Because I really don't know what they're capable of, after working with them their whole lives. But lions are camouflaged. Lions don't live in the jungle. They live on the plains. That's why they have that color.

They're furs, the color of dried grass. They can walk through that tall, dry grass so silently you don't see them and you don't hear them.

A lot of animals never see them coming because they're camouflaged.

The apostle Paul tells the church that Satan can appear as an angel of light.

In other words, he can be camouflaged so that what we see is something that's good. Once again, we're not fascinated with him, but we're fascinated with his ways. And his ways become camouflaged, just like he's camouflaged. Let's go to Ephesians 6. Ephesians 6.

He says in verse 10, Finally, my brother, be strong in the Lord and in the power of his might. Now what he's going to say next is predicated on this, that statement there.

You and I do not have the intelligence, the moral strength, or the abilities to deal with this being whose ways are deceptively tantalizing and he's camouflaged. But with God, he can't get to us. Understand that. With God's help, we can drive him away. God has that power, and he will use that power through you. He will be there to guide you and protect you and drive him away. You and I will fall prey to him, which we all do occasionally, and every time it's because we're too far from God.
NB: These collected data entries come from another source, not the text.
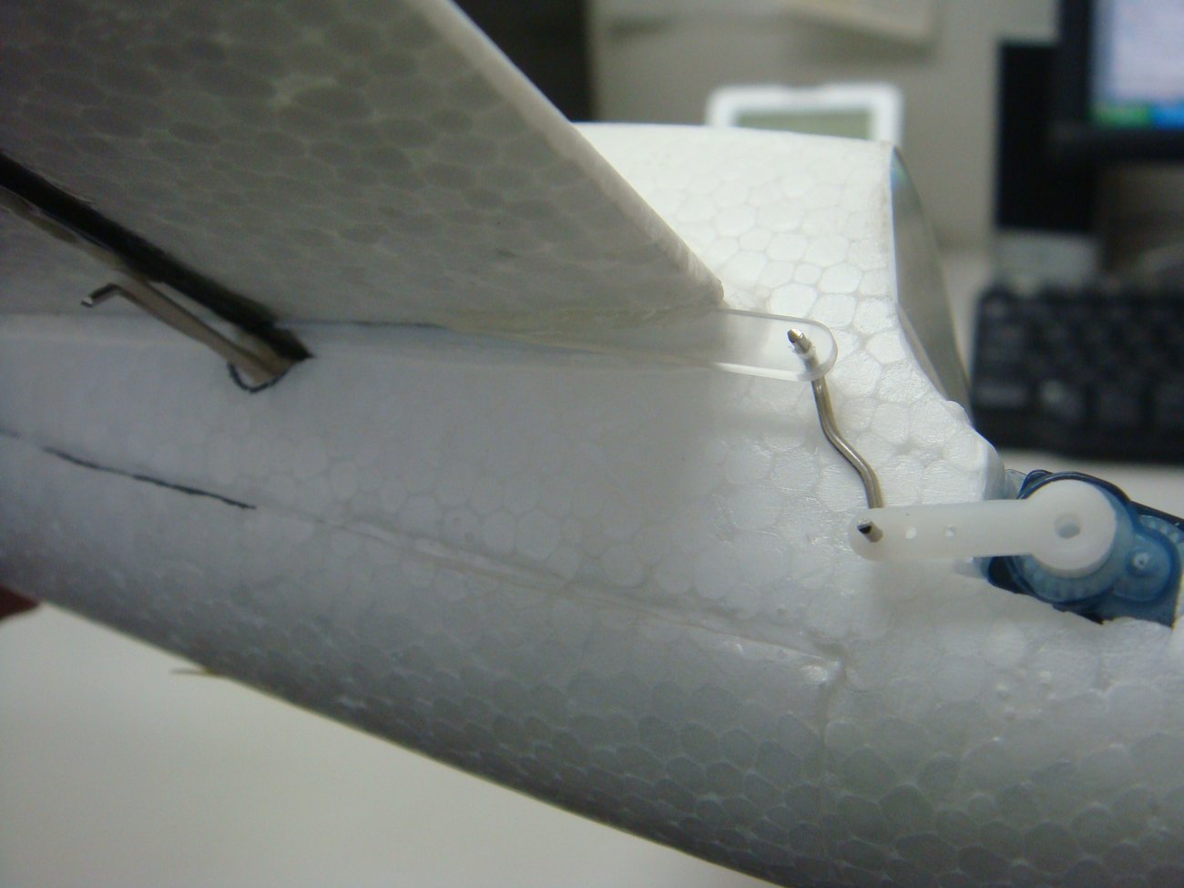なんて呼ぶのか解りませんが、2サーボで主翼全体を捻る??Vテールミキシングが主翼に付いた感じ。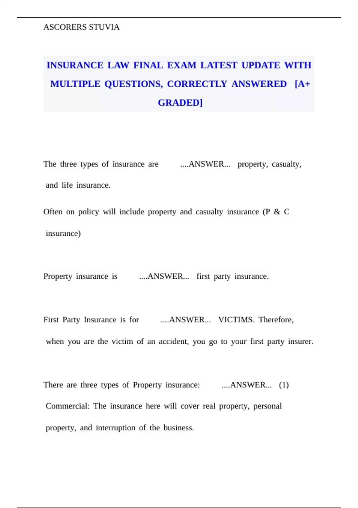 INSURANCE bLAW bFINAL bEXAM bLATEST bUPDATE bWITH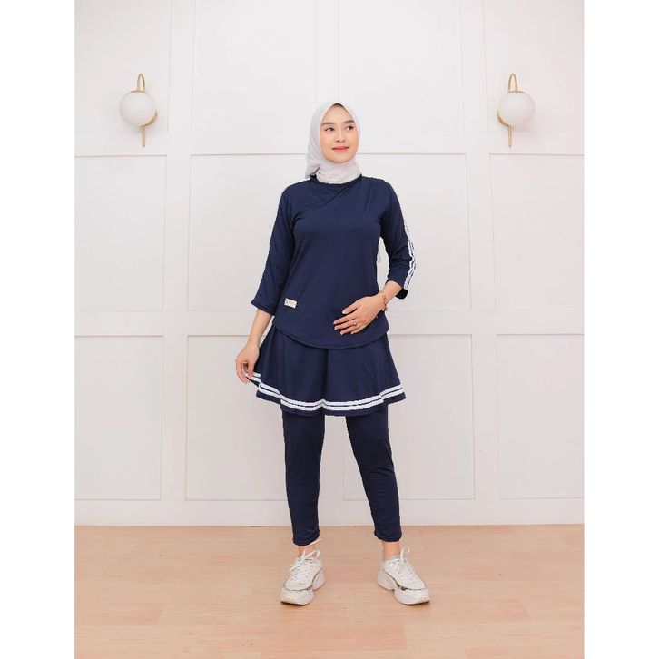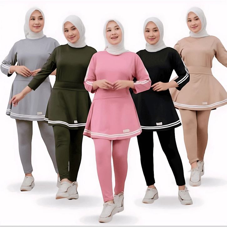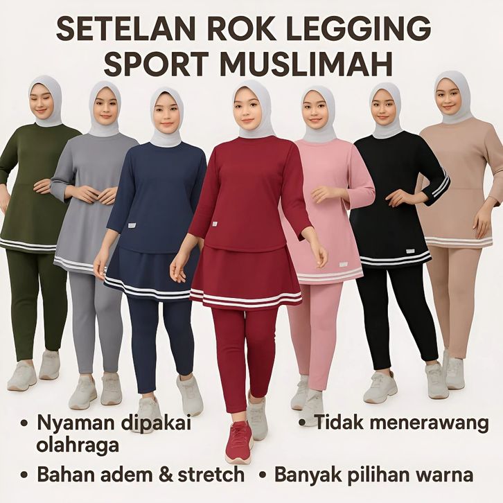 Setelan Legging Rok Senam Muslimah Sportwear Gym Yoga Tenis Sepeda Baju Padel Tenis Set Zumba Olahraga Wanita

We've strayed from God. If we stray from him, we're out there on our own.

We're out there on our own. The closer we are to God, the more that lion does not want to try to come up to us. He can't.

So this is the basis. This is why there is no substitute for your daily prayer and your daily Bible study and your thinking about God's way. There is no substitute for that. We may get out there. Oh, yeah, they're cliches. Oh, keep praying. Keep studying your Bible. Understand, the closer we are to God, the farther the lion is.

But when we stray from God, we're in His territory, and you can't see Him.

What's frightening, you read about hunters in Africa. You can't see them until sometimes they're walking through the grass and they see their eyes.

That's really close.

That's really close.

I want to tell you, there's hunting hogs, those giant hogs in Texas. They'll weigh up to 1,000 pounds, and they'll kill people.

I don't know why I'm telling this because all my hunting stories are bad. I was never the great hunter. I'm looking through my sights at this 300, 400-pound hog, and it's standing there staring at me. I look off in the distance, and there's a farmhouse. This was a .22, and I thought, if I pull this trigger and I miss him, I don't know how I can miss him. But if I do, I can hit that farmhouse.

So he just stared at me and walked on by and took its herd into this cornfield. I was so angry, I was going to put down my .22. I had a .30. I was going to pick up the .30. I was going to go in there after him, which was real smart. But I forgot to pick up the .30. I went in with the .22. I'm in the middle of this cornfield, and there's all these giant hogs in there. I'm standing there, and I'm thinking, I'll shoot him five times, and their skin's so thick. I probably won't even bring him down. My best chance is to club him with this.

So I'm walking out backwards from the cornfield. And I get out, and I walk over. My son was there with another teenage boy, and they both looked at me, and their eyes were just here.

That was the dumbest thing I've ever seen anybody ever do! See, I was just a little riled, and I picked up the wrong rifle. Even with the .30-30, it was a really dumb thing to do. You never do things when you're not thinking straight.

Anyway, let's get back to lions. We're not talking about hogs.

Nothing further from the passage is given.